Certain people — etiquette experts, event planners, and some old, rich people who sound for all the world like they haven't personally cooked a dinner party in years — think the dinner party is dead. These days, in lieu of gathering over a seated meal, we have smart phones and dubious food allergies.
The Times is reporting on this trend, but is it really true? I feel like I go to dinner parties pretty frequently — once a month or so. And I host one about once per season (I skip summers because just the idea of turning on the stove in July makes me break a sweat — but I make up for it in the fall and winter, I swear).
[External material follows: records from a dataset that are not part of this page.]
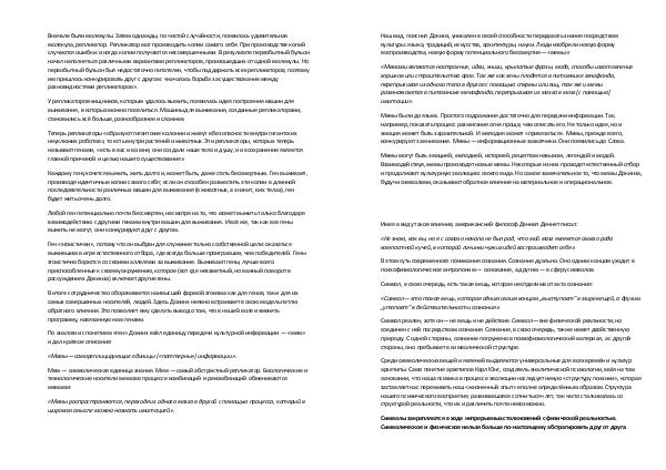Наш вид, пояснил Докинз, уникален в своей способности передавать знания посредством культуры: языка, традиций, искусства, архитектуры, науки. Люди изобрели новую форму воспроизводства, новую форму потенциального бессмертия— « мемы »: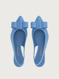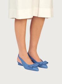 Viva is a new exciting Ferragamo icon. This slingback is the ideal blend of practicality and feminine style, resulting in a glam shoe with avant garde lines. Made of very soft nappa leather, it has a tapered tip, a slightly closed neckline and an oversize tassel bow. The tonal painted metal plate and the signature in relief add a metropolitan twist. Elastic side insert and heel with teardrop silhouette, inspired by the sculptures of Richard Serra. - Heel 2 cm - Composition: Nappa leather - Made In ITALY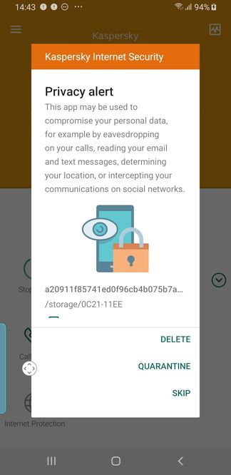 Kaspersky Lab has upgraded its Kaspersky Internet Security for Android with Privacy Alert – a new feature that warns the users if their private information is being monitored via commercially available spyware. While this kind of software is deemed to be legal, the program’s presence is often both unwanted and unknown by the user affected. In some cases, a program’s download page specifically states the software is intended to be used for secretly spying on the user. For this reason, Kaspersky Lab decided to introduce a special alert for such programs, enabling those affected to decide for themselves what they want to do about it.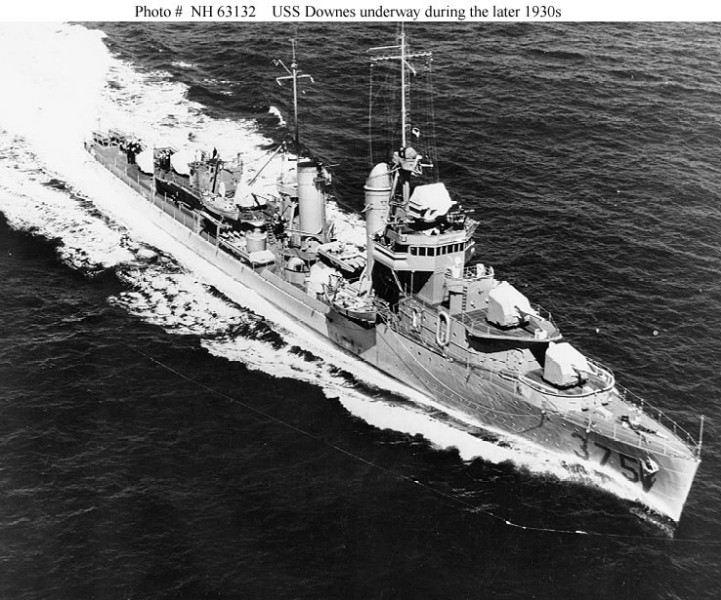 | 139k | USS Downes (DD-375) underway during the late 1930s. She is wearing a non-standard hull number style on her bow. Naval History & Heritage Command photo NH 63132 | Robert Hurst |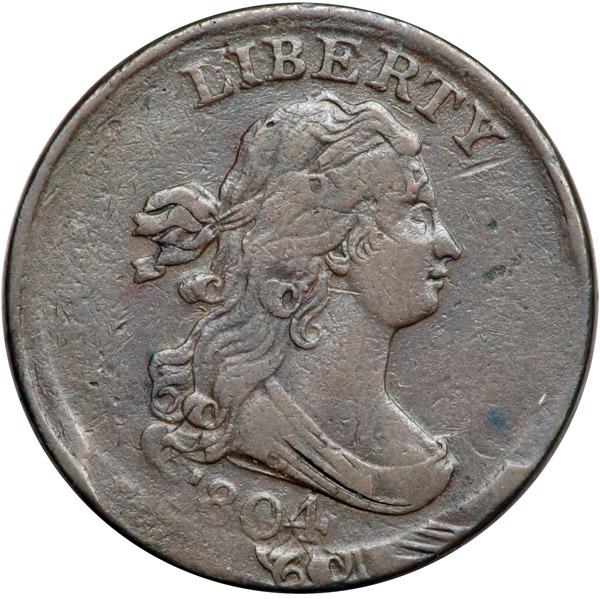 1804 C-10 R1 VF30. Double Struck Off Center. Glossy chocolate brown with slightly lighter steel brown toning in protected areas on the reverse. Frosty flowline luster covers the protected areas. The only mark is a small spot of darker toning off the upper edge of the bust tip. Double struck. The first strike is 30% off center to K-5 and the second is centered but rotated 40 degrees CW. The B and Y of LIBERTY show on Ms Liberty's head and much of the lower curls and bust show under the date and bust. Bold evidence of the first strike shows at the top of the reverse, including ED, AM, and parts of the wreath. It appears the mint had some trouble striking this variety. We can imagine an apprentice learning a new job and fearing for his fingers--or possibly an extra ration of rum for the staff during duty hours. Whatever the cause, we are the beneficiaries. LDS, Manley state 3.0. Davy #04.10.15.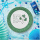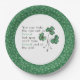 Eine Chic Papierplatte, mit grünem Kleeblatt-Blätter und einem Waliser-Sprichwort in den keltischen Skripten, auf einem weißen Hintergrund, umgeben durch ein ditzy Kleeblattmuster. Teil der Sammlung der Posh u. Painterly "Kleeblätter.

At the risk of mistaking my fairly diverse group of 20-something/30-something/40-something New York City-based friends for a representative generational sample, I'd say dinner parties are going strong.
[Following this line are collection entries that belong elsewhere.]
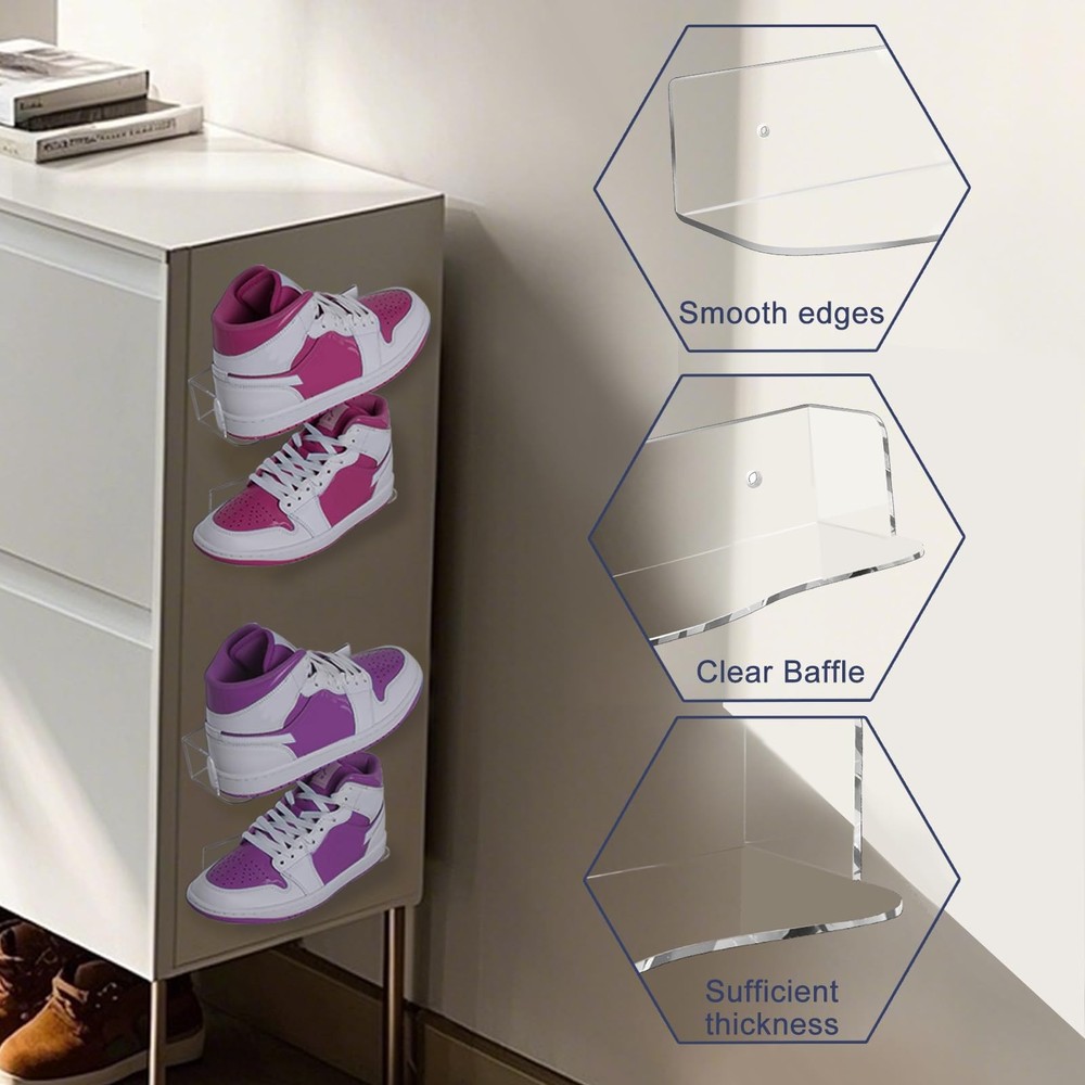 Elevate Your Sneaker Display with Crystal-Clear Brilliance Designed for Collectors, Perfected by Transparency Showcase your prized sneakers in style with our acrylic shoe racks, engineered to transform your collection into a museum-worthy display. Each pair of racks includes four rust-resistant screws for rock-solid stability, ensuring your kicks stay secure while their iconic soles steal the spotlight. Why Collectors Love It: 270 Visible Design: Highlight every detail—from vibrant uppers to signature soles—through ultra-clear, Scratch-resistant materials Customizable Height: Adjust tiers effortlessly to fit high-top Jordans, low-profile Converse, or chunky dad shoes. No measuring tools needed—simply align and tighten! Space-Smart Pair Display: Organize left and right shoes side-by-side like a pro, maximizing shelf space while keeping pairs instantly accessible. Gallery-Ready Aesthetic: Minimalist transparency blends into any decor, letting your sneakers (not the rack) become the room’s focal point. Perfect For: Sneakerheads curating Instagram-worthy collections Small-space dwellers needing vertical storage solutions Traders showcasing kicks in pristine condition Pro Tip: Stack multiple racks to create a floating effect—ideal for displaying grails in drop-front boxes! 【QUALITY MATERIALS 】Clear Floating Shoe Display Made Of Acrylic Material, Exquisite Workmanship Beautiful And Simple Shoe Wall Shelf, 270 ° Display Of Your Shoes, Maximum Visibility So That The Beloved Shoes Become Wall Art. 【PROFESSIONAL DESIGN】Each Of Our Floating Shoe Shelves Is Independent, You Can Adjust The Distance You Want According To The Height Of Your Shoes, Just Like Customising The Exclusive Shoe Display Shelf For Your Beloved Shoes, You Can Place The Wall Shoe Shelves At An Angle Or Parallel, And You Can Also Combine Them Into Different Arrangements According To The Wall Diy, No Middle Pole Design,Our Design Provides More Space For Your Imagination 【DECORATIVE SPACE】Wall Shoe Shelf Can Display Shoes In Different Angles, Is Your Space Eye-Catching Decorations, Floating Shelves For Shoes Suitable For Living Rooms, Bedrooms, Game Rooms, Dormitories, Corridors, Shoe Collection Showrooms, Shoe Shop Exhibitions And Other Scenarios,High Transparency Makes The Shoes Levitate In The Air As If By Magic, Very Cool 【EASY INSTALLATION】Includes One Pairs Of Shoe Holder For Wall, 4 Screws And Anchors, A Screwdriver And Instructions, Let You Have Your Own Shoe Shelves For Wall In Minutes, Individual Size Is 9.05 x 3.74 x 1.96 inch (l x w x h), Individual Maximum Weight: 4.4 lbs, Suitable For Trainers, High Heels, Martin Boots, Short Boots, Medium Boots And Sandals. 【BUY CONFIDENCE】Shoe Wall Display Is Suitable For All Kinds Of Wall, Whether It Is For Yourself Or For Your Family, Partner, Friends, Etc., Our Shoe Wall Mount Is The Perfect Gift, If You Pay Attention To Style And Quality, We Believe That Lixeszt Acrylic Shoe Rack Will Not Let You Down,If You Have Any Questions, Please Contact Us First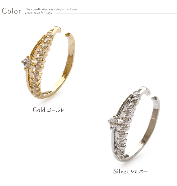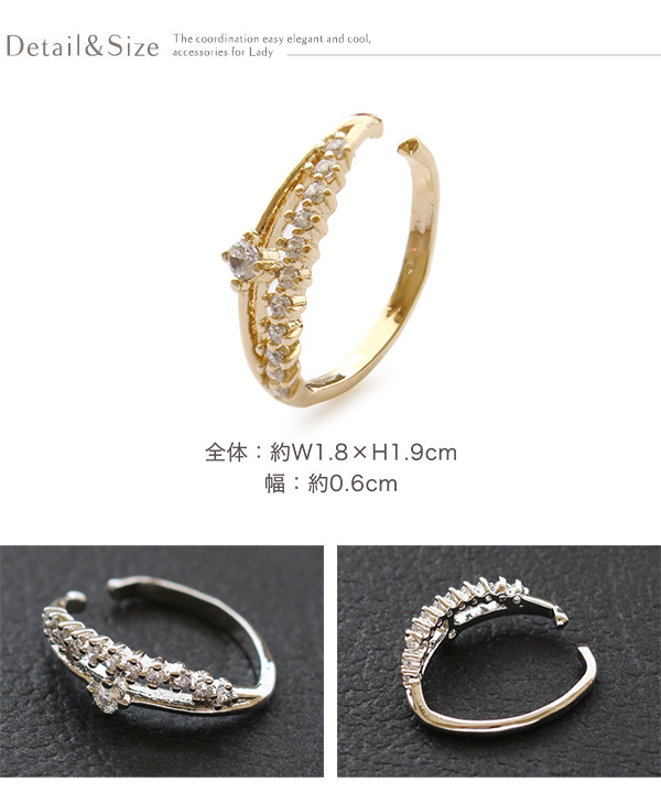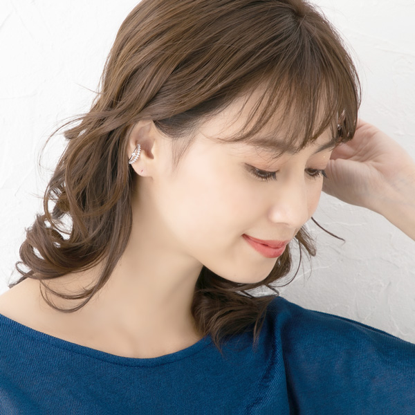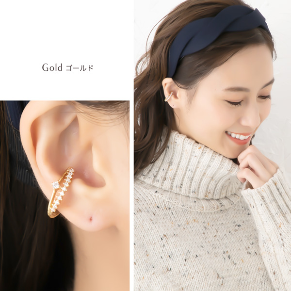 | 耳の上部と軟骨部分を挟むように引っ掛けるウェアリング(イヤーカフ)です。 キラキラと煌めくキュービックジルコニアが耳元に映え上品な輝きでコーデを引き立てます。 ノンホールの方でも気軽に耳元のオシャレが楽しめます! | |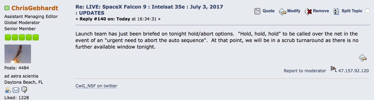 Launch team was just briefed on tonight's countdown hold/abort options: #SpaceX #Falcon9 #Intelsat35e

Here are five of what I would consider to be the top dinner party ideas.
Themes can be simple or elaborate, but often it helps for a party to have an organizing principle. For years, I've been getting together with the same group of friends to have dinner parties where we eat and dress according to a decade. (Well, the last time we did a "normal" dinner party because we realized we'd worked our way through all the tasty/stylish/easy decades already, but it was fun while it lasted.) The 80s "nouvelle cuisine" dinner party was a particular highlight. Unlike a regular old costume party, you can't pick a dinner party theme for sheer ironic kicks — it has to inspire a menu that people will actually want to eat. I find this constraint enhances, not diminishes, creativity.
I'm not Jewish, but some of the best dinner parties I've been to were shabbat dinners thrown by friends. I probably got hooked in college, when a friend of mine used to throw a boozy shabbat pot luck every week. (I found I could easily segue into this event after my own weekly Friday crafting-and-drinking open house, Crafternoon.) I think any religious gathering, provided the hosts are inclusive of nonbelievers (and not just in a proselytizing way), can be a great opportunity to share food. Not to mention an opportunity to learn something about another religion and/or culture.
You've got some stuff in the fridge that's about to go bad, a friend visiting from out of town, a buddy whose dinner plans just fell through, and you've been meaning to have the so-and-so's over for ages — friend, the stars are aligning. Text who you need to text, turn the houseguest into a sous-chef, and crack open that bottle of wine.
All the fun of getting together for a dinner party minus (most of) the cooking. Bonus related idea: make the pot-luck a fundraiser for a local food bank, Catholic Worker house, or another food-related charity of your choice. Tell guests you'll be collecting cash donations and non-perishables. I have some friends who do this every fall and not only are their pot-lucks incredibly fun, they raise hundreds of dollars for City Harvest.
It's the holidays: why not host a dinner party for your friends who can't afford to be with their families because of distance, the cost of travel, or work schedules? Or better yet, hold a "Thanksgiving" dinner or a "Christmas" or "Hannukah" dinner the week before the actual holiday — that way everyone can come. You may even find you have a more fun and less stressful "holiday" meal at a table with with your closest friends than you will with your drunk Libertarian uncle and your perpetually texting teenaged cousins, anyway.
There are so many good reasons to break bread together at home. The dinner party can't really be falling out of favor — after all, as Miss Manners says, "The idea of cooking for others is not something that is going to die."